* **WHAT TO PRODUCE**:
Could you give the data below again exactly, apart from the pictures?

* **MATERIAL FOR THE TASK**:
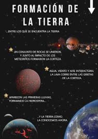 El nacimiento de la tierra comienza con nuestra estrella el sol, el cual estaba rodeado de polvo y piedras.La gravedad hace que las rocas se vayan uniendo y formando una bola gigante de rocas y polvo la cual pronto seria la tierra en un futuro un poco lejano.
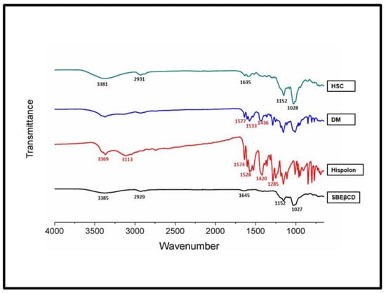 Fourier Transform (FTIR) spectra of the inclusion complex and pure components. HSC: Hispolon-SBEβCD complex, DM: Dry Mixture, SBEβCD: Sulfobutylether-β-cyclodextrin with 3:2 molar ratio.
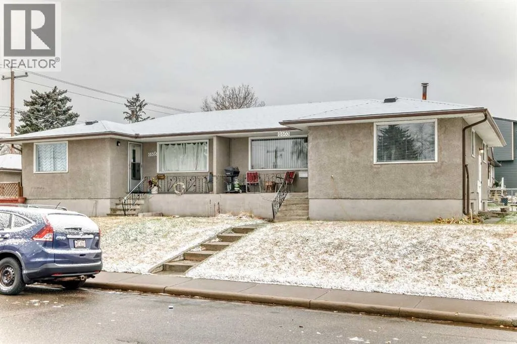 DEVELOPER ALERT/ H-GO Zoning. Corner lot. City allows up to 8 living units on this parcel. Building has been well maintained and generates income, while you wait for permits. Both sides have hardwood flooring in living and dining rooms, 6805 has a 4 piece and 3 piece bath down and a partially finished basement and use of the the detached garage, 6803 has a four piece bath up and an unfinished basement, Both sides have two bedrooms up and are large and have had long term tenants, This area is close to LRT, Chinook Mall and is rapidly being developed with higher density housing. (id:27476)
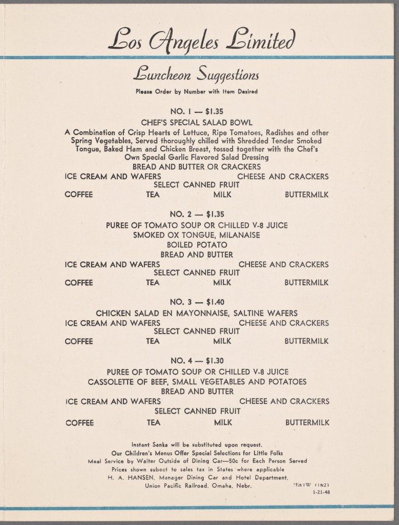 This gives the impression that the people who are traveling on the Union Pacific Railway were wealthy families, likely going on vacation since the train traveled to Sun Valley Ski Resort. It’s also extremely possible that the passengers who partook in dining cars were white, with very little exceptions. This menu was from a 1948 train ride, which was years before the 1964 Civil Rights Act had prohibited the discrimination against race and integrated the United States. While people of color could still ride on the train in a separate car, the additional (and severe) cost of the railway’s dining likely would make the overall cost of the ride too expensive.
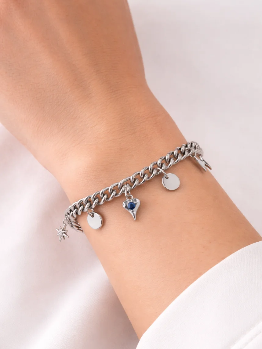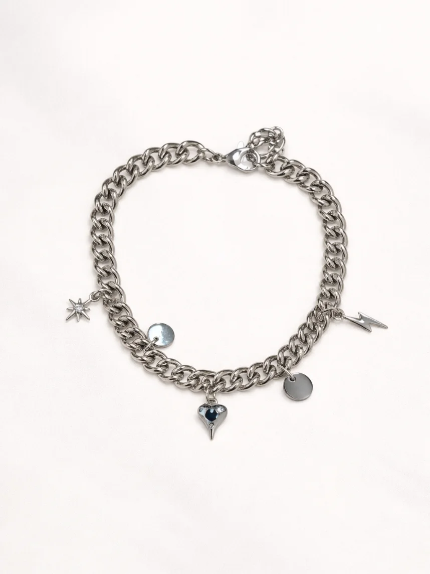 Браслет цепь с подвесами «Сердце, молния» Мигетт

* **ANSWER BOX**:
 El nacimiento de la tierra comienza con nuestra estrella el sol, el cual estaba rodeado de polvo y piedras.La gravedad hace que las rocas se vayan uniendo y formando una bola gigante de rocas y polvo la cual pronto seria la tierra en un futuro un poco lejano.
 Fourier Transform (FTIR) spectra of the inclusion complex and pure components. HSC: Hispolon-SBEβCD complex, DM: Dry Mixture, SBEβCD: Sulfobutylether-β-cyclodextrin with 3:2 molar ratio.
 DEVELOPER ALERT/ H-GO Zoning. Corner lot. City allows up to 8 living units on this parcel. Building has been well maintained and generates income, while you wait for permits. Both sides have hardwood flooring in living and dining rooms, 6805 has a 4 piece and 3 piece bath down and a partially finished basement and use of the the detached garage, 6803 has a four piece bath up and an unfinished basement, Both sides have two bedrooms up and are large and have had long term tenants, This area is close to LRT, Chinook Mall and is rapidly being developed with higher density housing. (id:27476)
 This gives the impression that the people who are traveling on the Union Pacific Railway were wealthy families, likely going on vacation since the train traveled to Sun Valley Ski Resort. It’s also extremely possible that the passengers who partook in dining cars were white, with very little exceptions. This menu was from a 1948 train ride, which was years before the 1964 Civil Rights Act had prohibited the discrimination against race and integrated the United States. While people of color could still ride on the train in a separate car, the additional (and severe) cost of the railway’s dining likely would make the overall cost of the ride too expensive.
 Браслет цепь с подвесами «Сердце, молния» Мигетт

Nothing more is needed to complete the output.